Reproduce the line with "Konya’da belediye otobüsünde" and everything after it in the listing below, exactly, both ends included. No pictures.
Input data section start
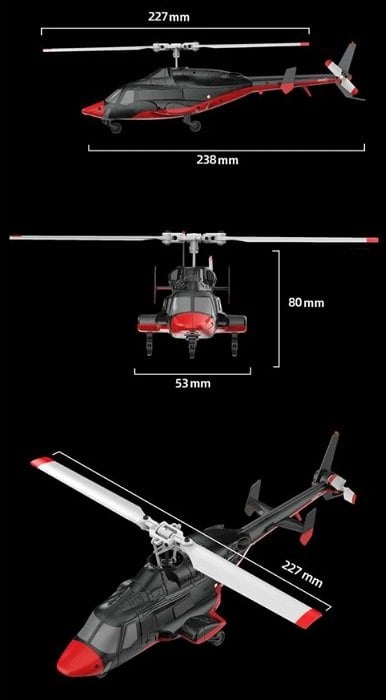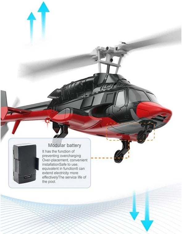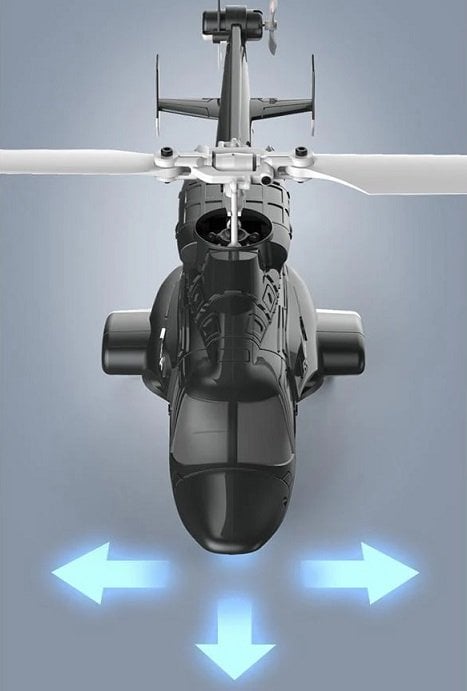 Aerodinamik optimize edilmiş tek rotor tasarımı ve iki dijital servolu 4 kanallı kontrol yapısı sayesinde, küçük boyutuna rağmen yüksek tepki hızı ve ultra stabil uçuş performansı sağlar. Hem iç mekânda hem de dış mekânda rahatlıkla kullanılabilecek bir mini Airwolf modelidir.
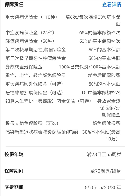 基本保障 6 次重疾、2 次中症、4次轻症
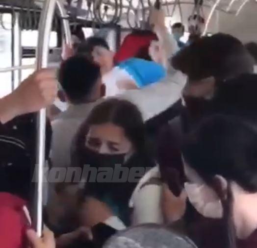 Konya’da belediye otobüsünde kavga eden liselilerin görüntüsü başka bir öğrenci tarafından anbean kaydedildi.
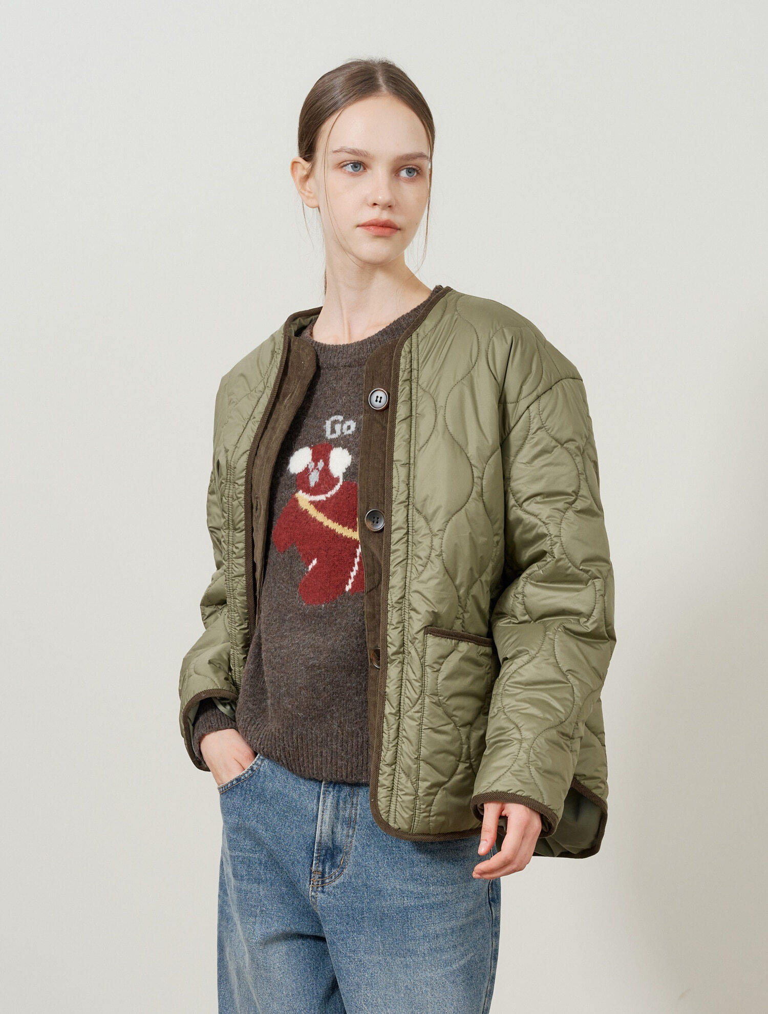 비엔엑스퀼팅 포켓 배색 패딩 점퍼 (BX4JP002L0)
Input data section end
Task result:
 Konya’da belediye otobüsünde kavga eden liselilerin görüntüsü başka bir öğrenci tarafından anbean kaydedildi.
 비엔엑스퀼팅 포켓 배색 패딩 점퍼 (BX4JP002L0)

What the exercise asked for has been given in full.